While claiming with Marx that society is determined by productive forces within the economy ‘in the last instance’, Althusser conceived of economic determination itself in terms of a complex of interrelated structures exercising various economic, political, and ideological forces within the social body. Within each of these levels of social reality, transformation is effected by specific processes of ‘contradiction’ between the relevant productive forces and production relations. But the coexistence and inseparability of these processes within the social whole means that there can be no single dominant dialectical force propelling social development—rather, social formation is ‘overdetermined’ by an intricate dynamic resulting from the interaction of heterogeneous ‘practices’. Furthermore, as a result of the relative autonomy of individual structures and the possibility of their uneven development, a plurality of institutional and social forms is compatible with the notion of economic determinism.
Althusser was an important figure in the extension of Marxist arguments to related fields of philosophy and the social sciences. In particular, he pioneered an epistemological theory according to which knowledge is conceived as a practice of conceptual production rather than the discovery of an external order.

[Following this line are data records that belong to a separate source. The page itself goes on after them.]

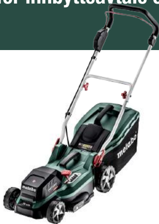
METABO RM 36-18 LTX BL 36 GRESSKLIPPER SOLO ART. NR: M601716850

metabo ® PROFESSIONAL POWER TOOL SOLUTIONS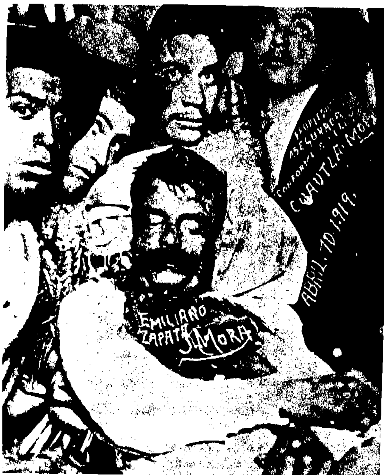
Emiliano Zapata, muerto.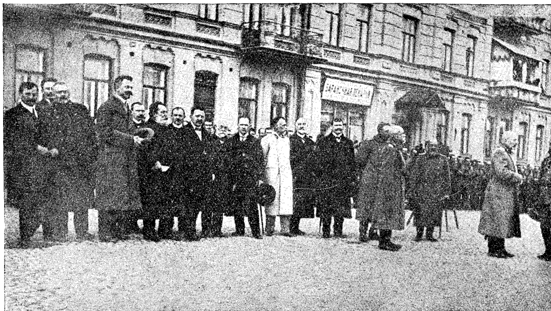
Představitelé československých kolonií v den přísahy.

doucnosti, jako přísaha celého národa, slib Družiny vlasti, stkví se koruna svatováclavská.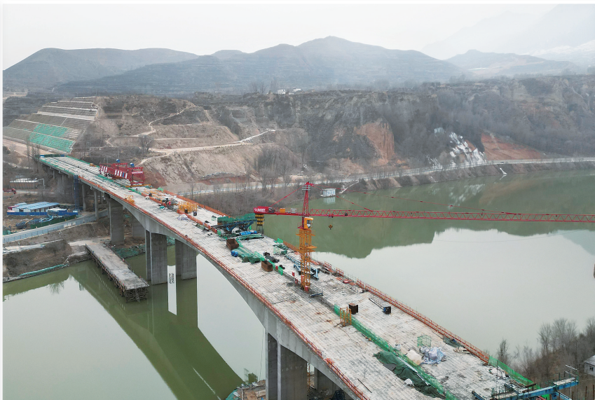
临大高速公路大河家黄河大桥位于积石山县大河家镇康吊村和青海省民和县官亭镇河沿村之间,总投资8600万元,桥长548米,标准路基宽25.5米。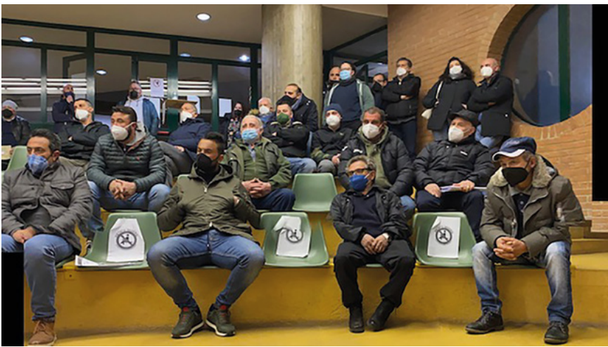
Una parte degli allevatori presenti all'incontro di Avellino

Questa iniziativa presa da ANABIC ed ARA CAMPANIA-MOLISE, che ringraziamo per la grande disponibilità manifestata, è stata molto importante perché ha rafforzato il legame tra l'ANABIC e le Associazioni Allevatori che sono presenti nel territorio per dare risposte concrete ed efficaci agli allevatori che hanno fortemente apprezzato l'iniziativa. È nostra intenzione ripeterla in tutte le regioni, in collaborazione con le ARA presenti nel territorio, per ravvivare il contatto diretto con i soci (che era stato purtroppo interrotto dalle vicende legate alla pandemia da COVID-19) e per rinsaldare un legame fondamentale tra gli allevatori e le proprie Associazioni, che non può mai venir meno perché è strategico e fondamentale per affrontare con successo le sfide che attendono le aziende.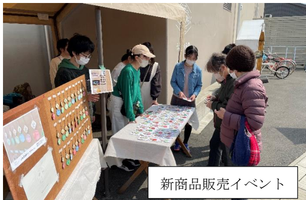
新商品販売イベント

しかし、実際の成長の仕方はそうではなく、階段のような成長線を描いているように思います。例えば、縄跳びや器械運動。初めて挑戦した時には、何もできないことが多く、練習をすることになります。最初は、いつまで経ってもできる気配がなく、練習を続けても上達したかどうかの実感さえない日が続きます。ところが、「諦めようかな」と考えた頃に、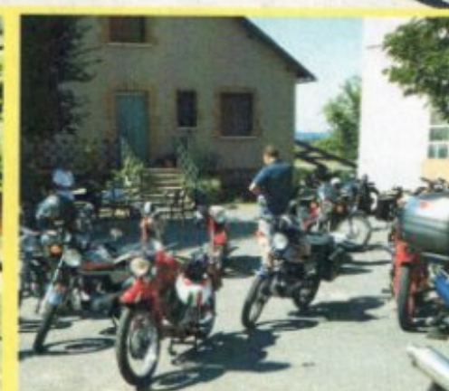
La ronde des motos a fait une halte à Meljac le dimanche 25 août 2019.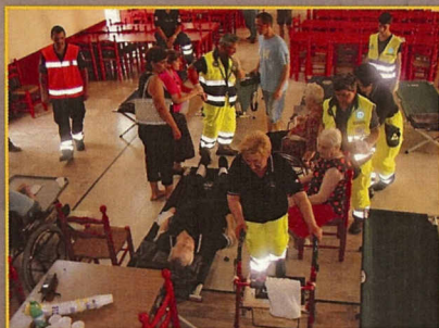
Serravalle a Po: Esercitazione antincendio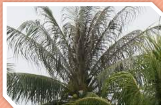
ลักษณะการทำลาย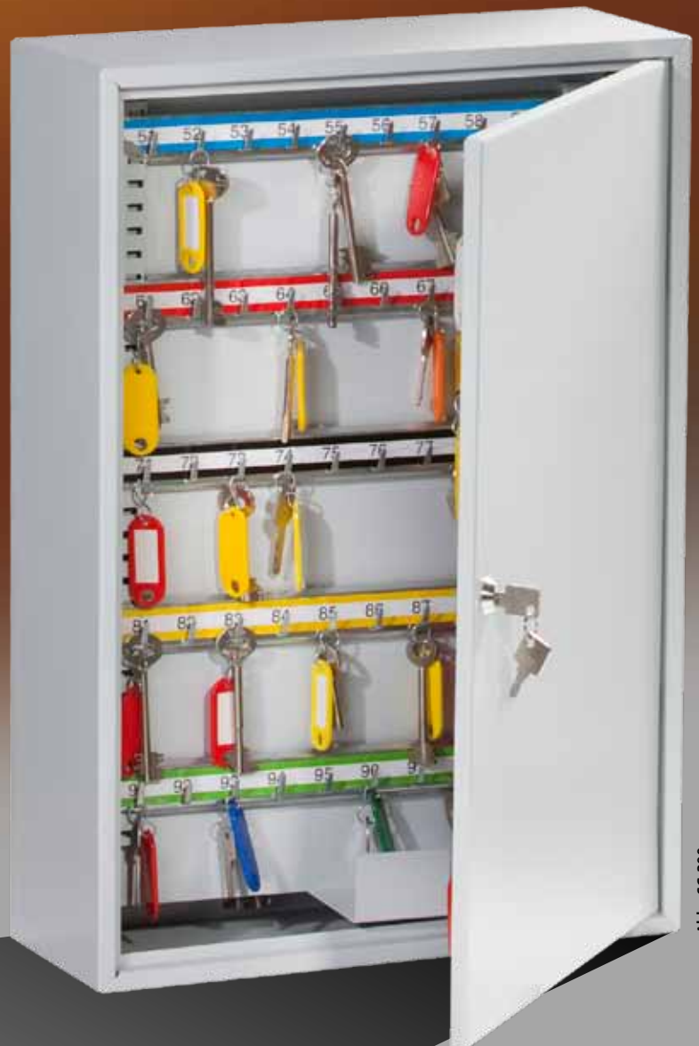
Abb.: SC 200

Nummerierte Schlüsselleiste, in der Höhe verstellbar Korpus verzinkt und pulverbeschichtet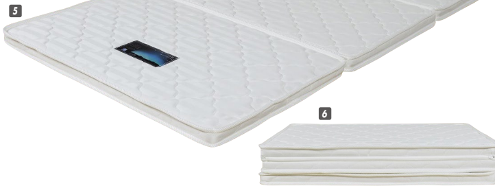
5 Sミツ折マットレス W970×L1950×H60 ¥25,000 才数5 6 SSミツ折マットレス W900×L1800×H60 ¥24,400 才数4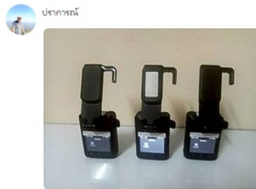
บันทึก | บันทึกเป็น... | แอปฯ | ส่งไปยัง Keep Memo

ปราการณ์ เด่นชัย ใช้การได้ 3 เครื่อง 7.17 น.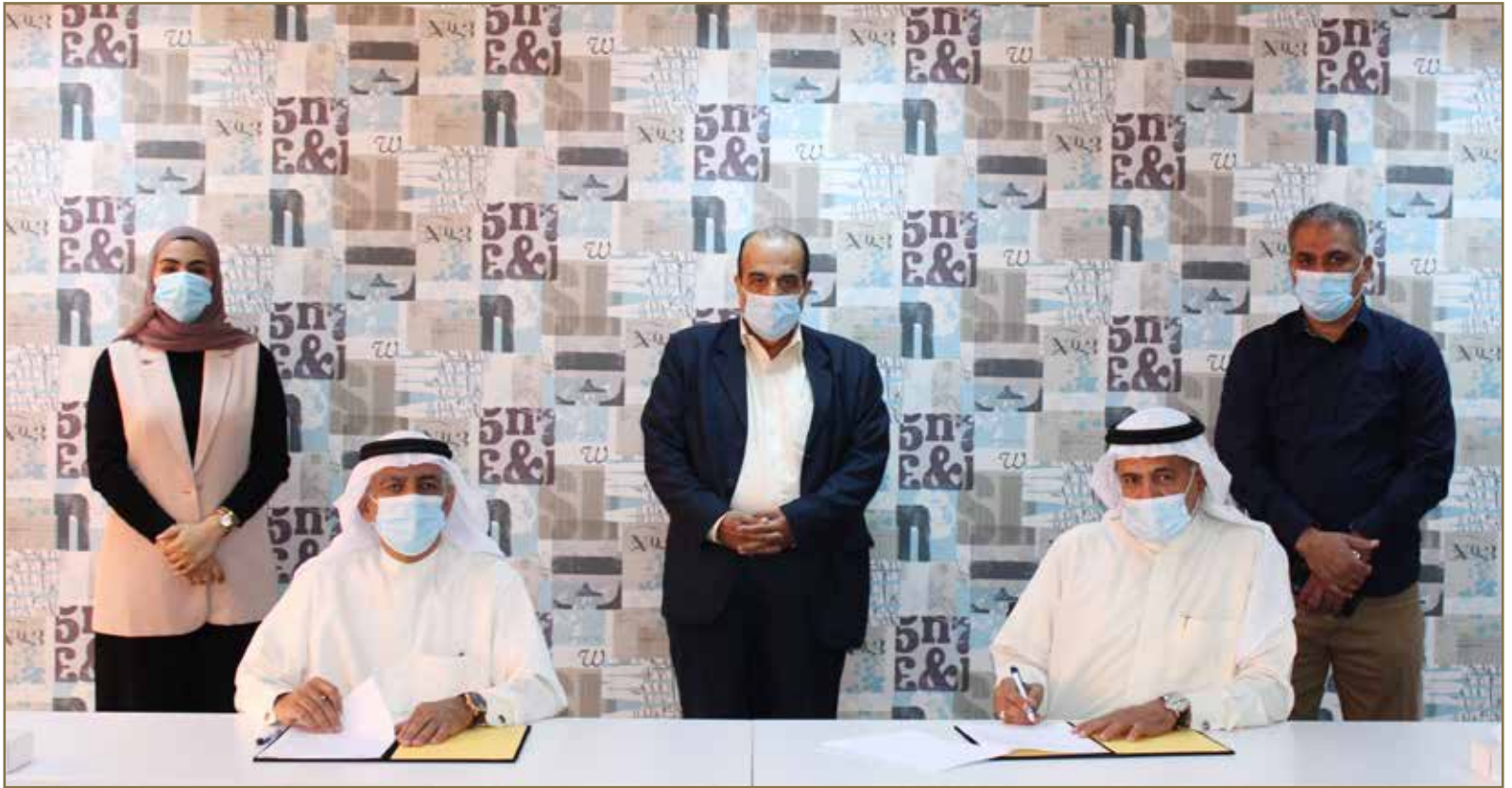
صورة لتوقيع الاتفاقية

الجمعية الأهلية لدعم التعليم والتدريب THE NATIONAL SOCIETY FOR THE SUPPORT OF EDUCATION & TRAINING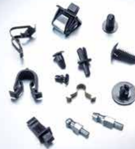
FERMETURES, RIVETS CLIPS ET ÉCROUS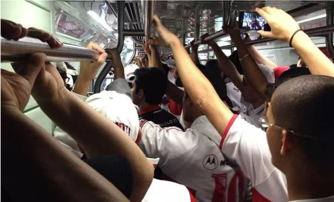
Figura 2 – Torcedores no interior do trem

Foi neste mesmo período que o grupo de inteligência passou a estreitar relacionamento com outros órgãos de segurança pública a fim de aumentar a gama de informações de ameaças.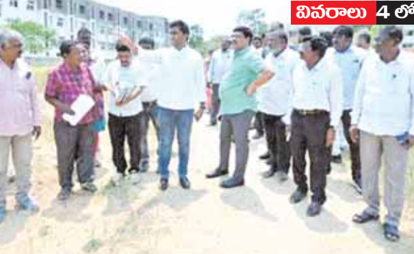
అధికారులకు సూచనలిస్తున్న కలెక్టర్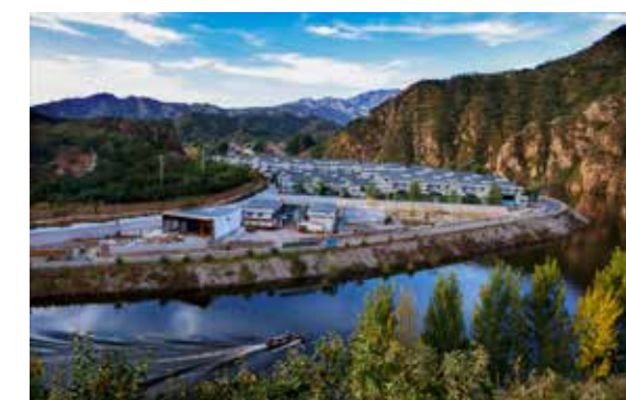
新农村风貌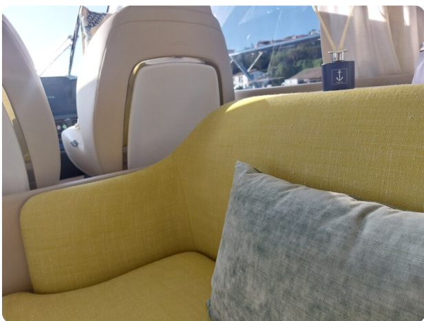
Azimut 53 Fly El Bibes-13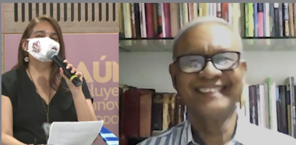
Proyección de la conexión entre la moderadora (desde el Set de presentaciones en el auditorio Neguanje de la Universidad del Magdalena) y el compilador del libro (conectado a través de la plataforma Zoom).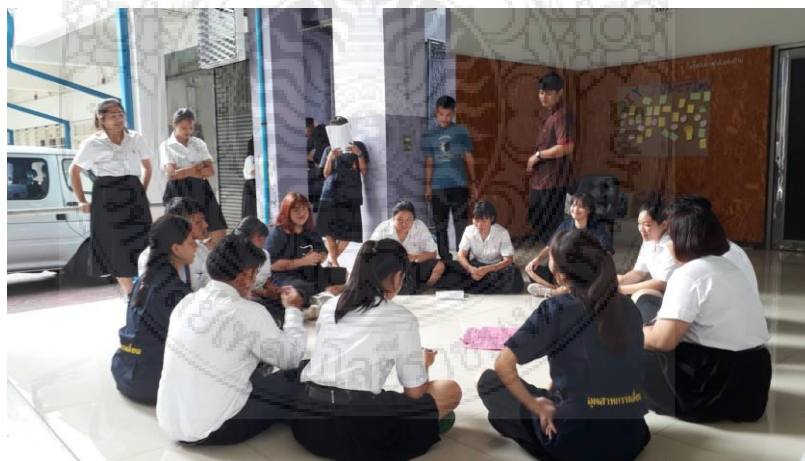
ภาพประกอบที่ 8 กิจกรรมเขียนความประทับใจซึ่งรุ่นพี่จะให้รุ่นน้องได้เขียนความประทับใจและสิ่งที่ไม่ประทับใจในการเข้าร่วมกิจกรรมต้อนรับน้องใหม่อย่างสร้างสรรค์เพื่อจะได้นำมาปรับปรุงและพัฒนาการจัดกิจกรรมในปีต่อไป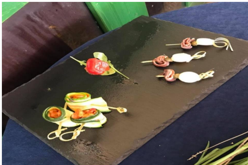
Slika 17. Specijalitet projekta Gastro-note Šibenika

Specijalitet je napravljen od pečenih tikvica sa šalšom i jadranskim kozicama te je začinjen s origanom, bosiljkom, paprom, soli, maslinovim uljem, češnjakom i lukom (Šibenski portal, 2021).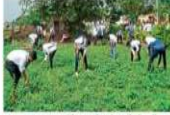
चारव्या : स्वच्छता करतच रॅलीत सहभागी महाविद्यालयीन विद्यार्थी.

दारव्हा, ता. १७ : स्थानिक मृगसाजी महाराज महाविद्यालयातील राष्ट्रीय सेवा योजनेकडून शहरात स्वच्छता व वृक्षसंवर्धन रॅलीचे आयोजन करण्यात आले. घोषवाक्य लिहिलेल्या फलकाद्वारे स्वच्छतेसह वृक्षसंवर्धनाचा शहरभर जागर करीत विद्यार्थ्यांच्या रॅलीने शहरवासींची मने जिंकली.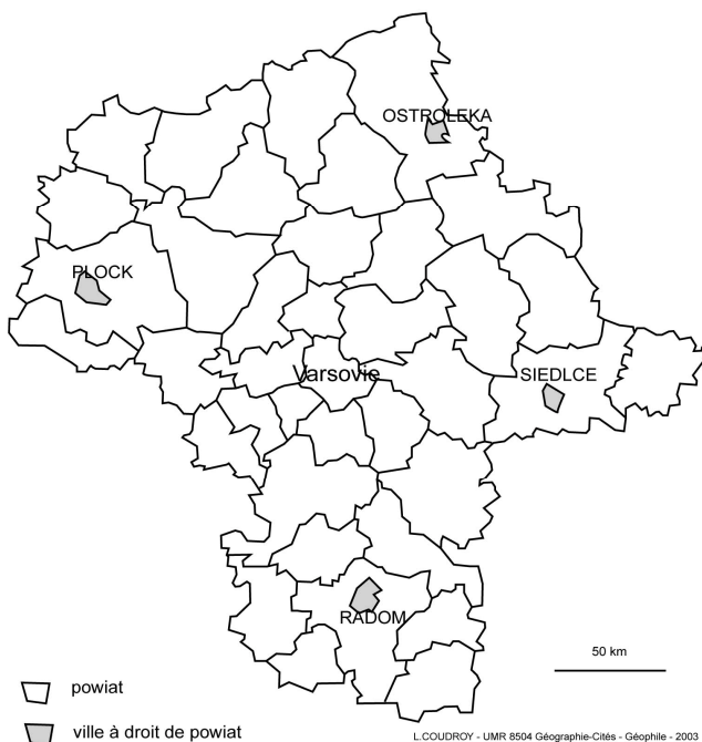
Carte 3 La Mazovie et ses powiat depuis 1998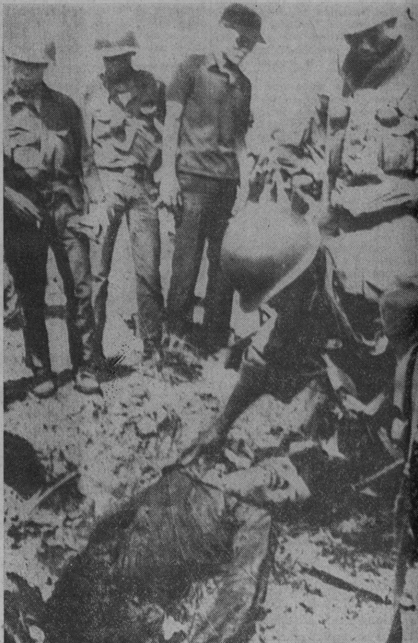
Quang Tri.—Un soldado survietnamita tratando de identificar el cadáver de un enemigo muerto en la carretera número 1, a unos 10 kilómetros al sur de Quang Tri. Esta vía de comunicación es vital para el suministro continuo de tropas y avituallamiento a la nueva línea defensiva.—(Telefoto AP-Europa Press)

Hong-Kong, 6.—La situación militar en Vietnam del Sur es hoy incierta. Contrastando las escasas noticias de los mandos de Hanoi y de Saigón, no puede decirse sino que (Continúa en la página 6)

Althusser's selective reading of Marx and his attempt to marry Marxist materialism with causal pluralism have been controversial yet highly influential contributions to neo-Marxist debate.
SW 
altruism
Benefiting other persons or interestbearers. The common contrast with selfishness reveals some variations in the understanding of altruism, which may refer to a disposition, to an intention, or to behaviour. Hence an altruistic person might intend to benefit others, but fail to do so when executing that intention. Altruism is sometimes understood as giving more consideration to others than oneself and sometimes as giving equal consideration to oneself and others. Since there are commonly more ‘others’ than the decision-maker, the distinction usually lacks practical importance, but it may be significant in two-person cases. In discussions informed by
game theory
, a contrast is drawn between reciprocal altruism and universal altruism. Reciprocal altruists display that behaviour towards those from whom they have received it, or from whom they expect to receive it. Universal altruism, often seen as the central ethical prescription of Christianity, is unconditional. In sociobiological applications, it can be shown that the survival chances of individuals and groups depend not only on the incidence of selfishness and altruism, but also on the type of altruism in question.
AR 
amenity
Term denoting, in a very broad way, the public benefits accruing from the condition of a place, such as aesthetic beauty, clean air and water, or good street lighting. The function of the concept of amenity is therefore to embrace those factors in a decision about environmental development which are excluded from, and sometimes in contradiction to, considerations of commercial productivity.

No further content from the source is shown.